The new data-transfer deal was officially adopted by the EC last month, bringing to a close some nine months of limbo in the wake of the region’s Court of Justice decision to topple the predecessor framework last year (while failing entirely to end the uncertainty that the demise of Safe Harbor has wrought — given that critics continue to question Privacy Shield’s robustness to future legal challenge).
The EC has claimed the new deal is fundamentally different versus the prior self-certification Safe Harbor framework, flagging up the new role it creates of a dedicated US ombudsman to handle EU citizens’ complaints, as well as pointing to various assurances provided by the US government on the limits of bulk collection of data for national security purposes.
Companies signing up to the Shield also face new obligations, such as deleting personal data when it is no longer necessary.

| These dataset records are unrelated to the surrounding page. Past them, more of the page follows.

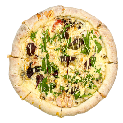 соус бешамель, курочка печена, курочка копчена, кукурудза, гриби, мікс салату, соус чедер, моцарела, помідор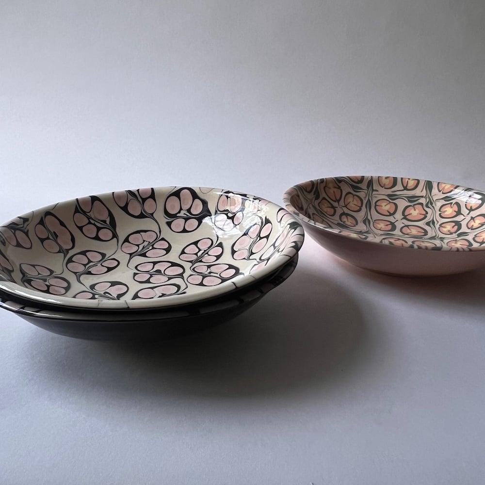 This handmade slipware pasta bowl brings intricate beauty to your dining table. Great for most meals, and as a countertop fruit bowl or display piece.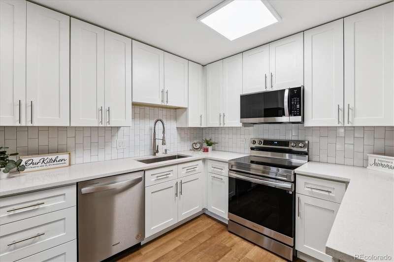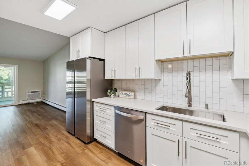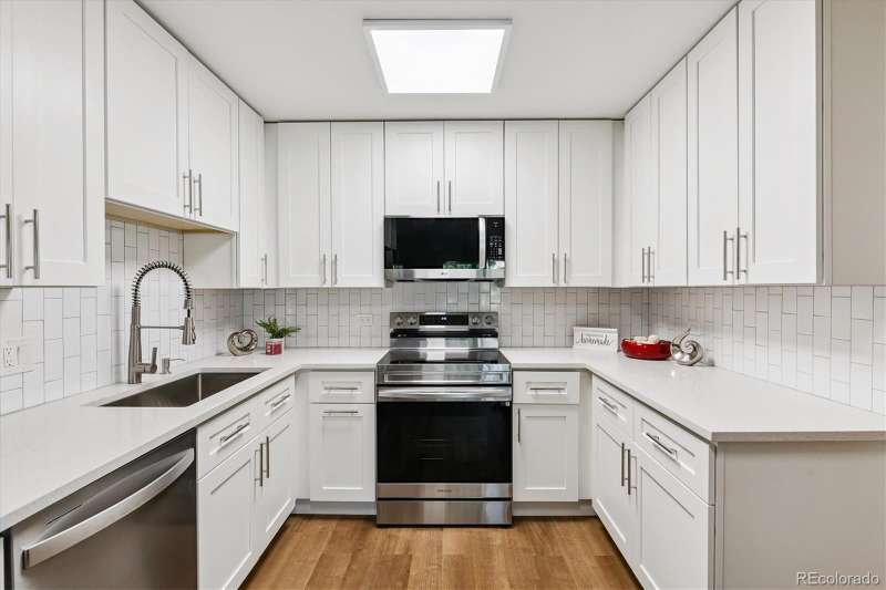 *New Remodel w/underground parking! Conveniently located across from clubhouse & all the amenities- condo on back side facing courtyard. This condo is a penthouse 1200sf, 2 bed/2 bath, plus bonus multi-purpose room for storage or mini- office/hobby room. Vaulted ceilings create a very spacious and airy environment. Kitchen features white shaker soft close cabinets, white tile backsplash, quartz countertops, & new lights and fixtures. All stainless appliances are NEW! Spacious Primary Bedroom features large walk-in closet & en-suite 3/4 bath. Both bathrooms remodeled w/new vanity's, quartz tops, new sink/faucet & fixtures, & updated tile surrounds. Vinyl flooring thru-out entire unit- no carpet! Also include: 2 new digital wall ac units. Glass/Screen enclosed lanai & New vinyl slider door. Bonus storage room in building on same floor as condo. You will enjoy seeing this one!**Windsor Gardens is Colorado's Largest Age 55+ Active Adult Living Condo Community. Did you know? Monthly HOA Dues include annual property taxes! And heat, water, sewer, trash, round-the-clock patrolling community responders, full time onsite association management, grounds/building maintenance, and activities department. Enjoy clubhouse amenities such as fitness center, indoor/outdoor pools, hot tub, sauna, billiards, library, craft rooms for ceramics, sewing, woodworking, and 9 hole par 3 golf course and onsite restaurant both open to the public. Stay engaged with a wide array of activities, clubs, and events scheduled every month. Additional features include garden plot program, private walking trail and nature preserve, and RV/Boat storage. The Highline Canal runs full length along south side of the complex. RTD Bus Stops located thru-out the community. FHA/VA approved. Close to restaurants, stores, shopping…Minutes to Lowry, Hwy 225, Cherry Creek…Easy access to DIA and downtown. Come see for yourself what Windsor Gardens has to offer. 2021**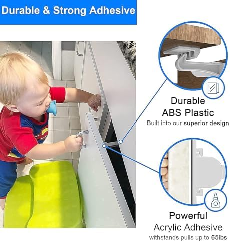 6 Pack Upgraded Invisible Baby Proofing Cabinet Latch Locks - Buumook Children Proof Cupboard Drawers Latches - Adhesive Easy Installation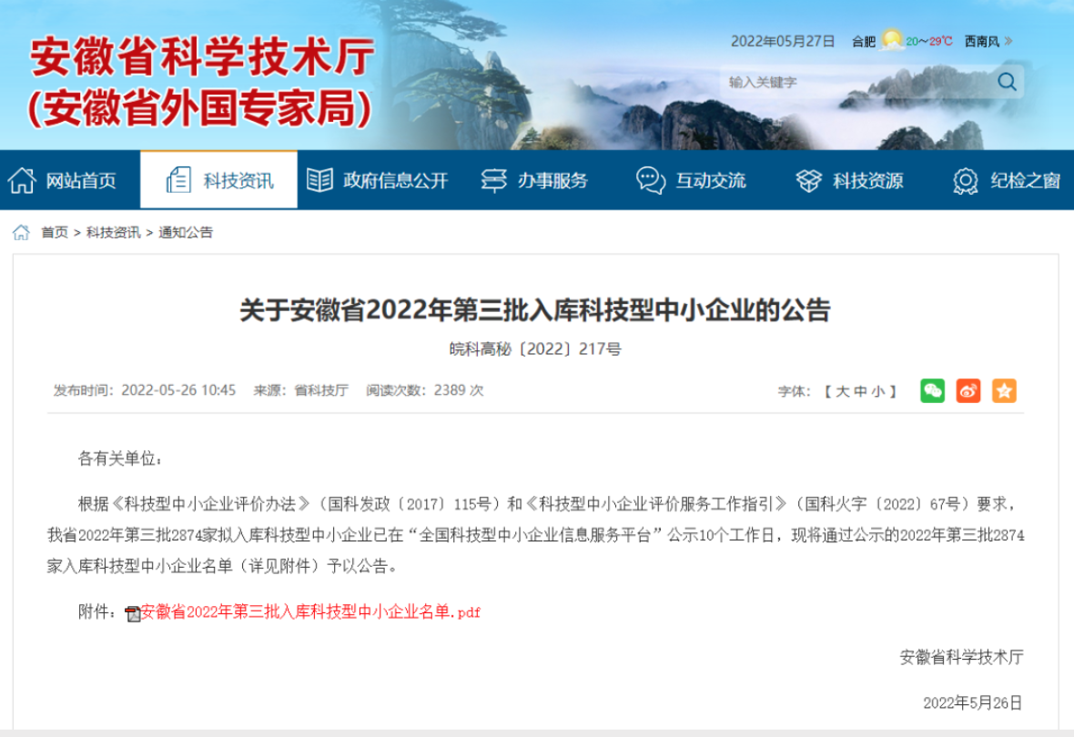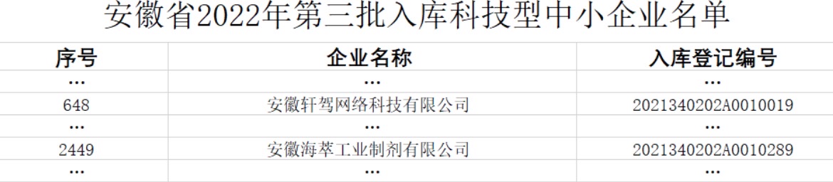 5月26日,安徽省科技廳公示了2022年第三批擬入庫科技型中小企業名單,園區安徽海萃工業制劑有限公司和安徽軒架網絡科技有限公司兩戶企業成功入庫。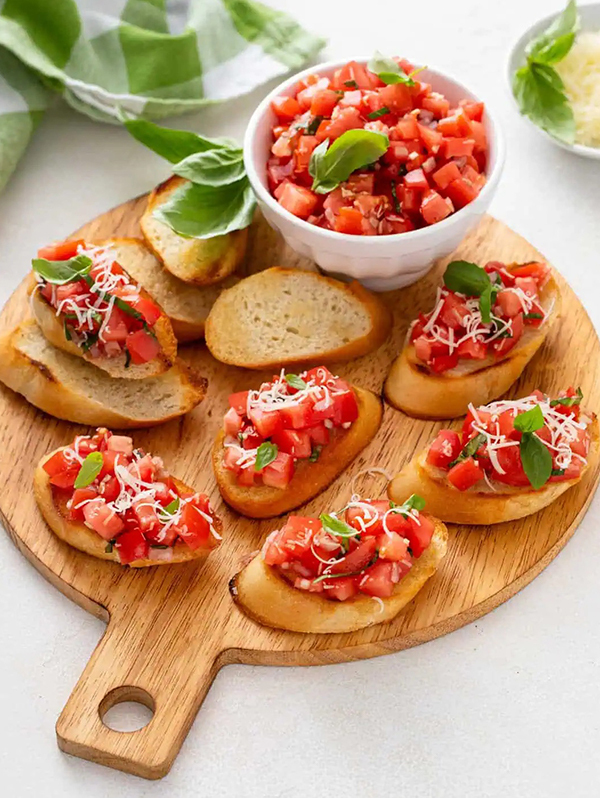 Toasted slices of baguette topped with a fresh mix of diced tomatoes, basil, garlic, and a drizzle of olive oil, all finished with a touch of balsamic glaze.
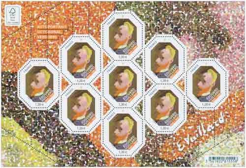 | Commentaire | En savoir plus sur Wikipédia : Édouard Vuillard Existe en deux versions : 1ère version: avec code barre 2ème version: avec numérotation (abonnés du programme philatélique) Jean Édouard VUILLARD, est né le 12 nov.1868 à Cuiseaux (71-Saône-et-Loire), et décède à La Baule (44 -Loire Atlantique) le 21 juin 1940. C'est un peintre, dessinateur, graveur et illustrateur français. Il est l'un des membres fondateurs du mouvement "nabi" (postimpressionnisme), Il s'illustre dans la peinture de figure, de portrait, d'intérieur, de nature morte, de scène intimiste, de composition murale et de décor de théâtre. En 1885, avec son ami François Xavier Roussel, dit Ker-Xavier Roussel (1867-1944, peintures et estampes), ils s'inscrivent au studio du peintre Diogène Ulysse Napoléon Maillart (1840-1926, grand prix de Rome en 1864). Ils y reçoivent les rudiments de l'enseignement artistique. Vuillard commence alors à fréquenter le musée du Louvre et se décide à suivre une carrière artistique. En mars 1886, il intègre l'Académie Julian (école privée de peinture et de sculpture, fondée à Paris en 1866 par Pierre Louis Rodolphe Julian, 1839-1907, peintre, graveur et professeur). En juin 1887, il est admis à l'École Nationale Supérieure des Beaux-Arts (fondée en 1817), et a pour enseignant Jean-Léon Gérôme (1824- 1904, peintre, sculpteur et professeur). En 1889, Maurice Denis (1870-1943, peintre, décorateur, graveur, théoricien et historien de l'art) le motive pour rejoindre un petit groupe dissident réalisant des œuvres empreintes de symbolisme et de spiritualité, la "confrérie des nabis". Paul Sérusier (1864-1927, peintre postimpressionniste) développe dans le groupe nabi un amour de la méthode synthétiste, qui repose sur la mémoire et l'imagination plus que sur l'observation directe. Vuillard, d'abord réticent à l'idée que le peintre ne cherche pas à reproduire de façon réaliste ce qu'il voit ; finit vers 1890, par s'essayer à ses premières œuvres, dans cette nouvelle réalisation artistique. |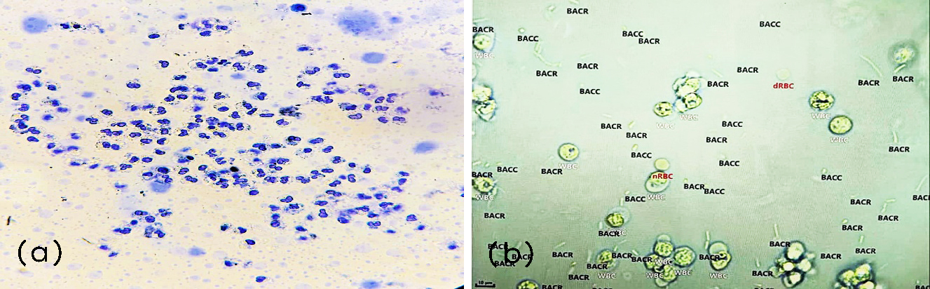 Figure 3: (a) Manual microscopy of Pus cells, under 400X, (b) Erba Mannheim Laura XL - pus cells.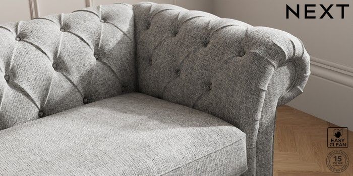 7.2.10 Gosford II Deep Sit 4 Seater Sofa Chunky Boucle Easy Clean Light Grey Modern Turned Metal Cap - Mid | Made Click here to use our website with more accessibility support, for example screen readers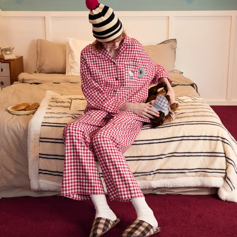 GUKOO 산리오 시리즈 마젠타 여성 파자마 세트 - POIZON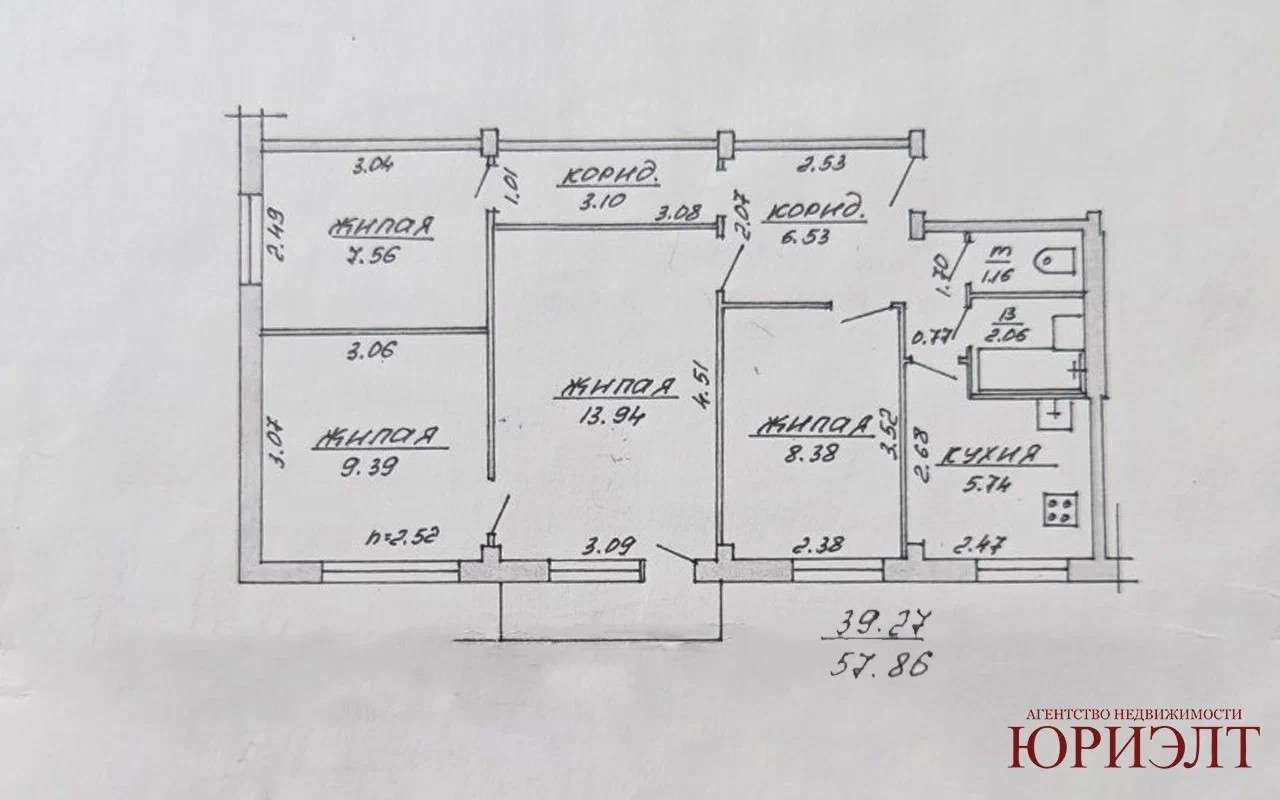 Общей площадью 57.86м2, 39.27м2, кухня 5.74м2.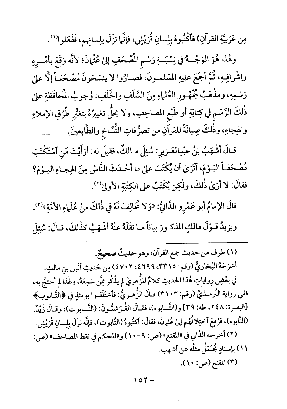 قال أشهب بن عبد العزيز: سئل مالك، فقيل له: أرأيت من استكتب مصحفا اليوم، أترى أن يكتب على ما أحدث النّاس من الهجاء اليوم؟ فقال: لا أرى ذلك، ولكن يكتب على الكتبة الأولى (¬2).

And there’s an annual joint review process built in to the framework so that it will be continually reviewed and any problems tackled.
However, the influential Working Party 29 body — which is made up of the heads of the various Member States’ data protection agencies — remains critical of the Privacy Shield, despite what it sees as some improvements over Safe Harbor.
In a statement put out late last month the WP29 said it remains concerned about various commercial aspects of the framework, flagging up the lack of specific rules on automated decisions and of a general right to object as problems. It also criticized a lack of clarity about how Privacy Shield Principles apply to processors.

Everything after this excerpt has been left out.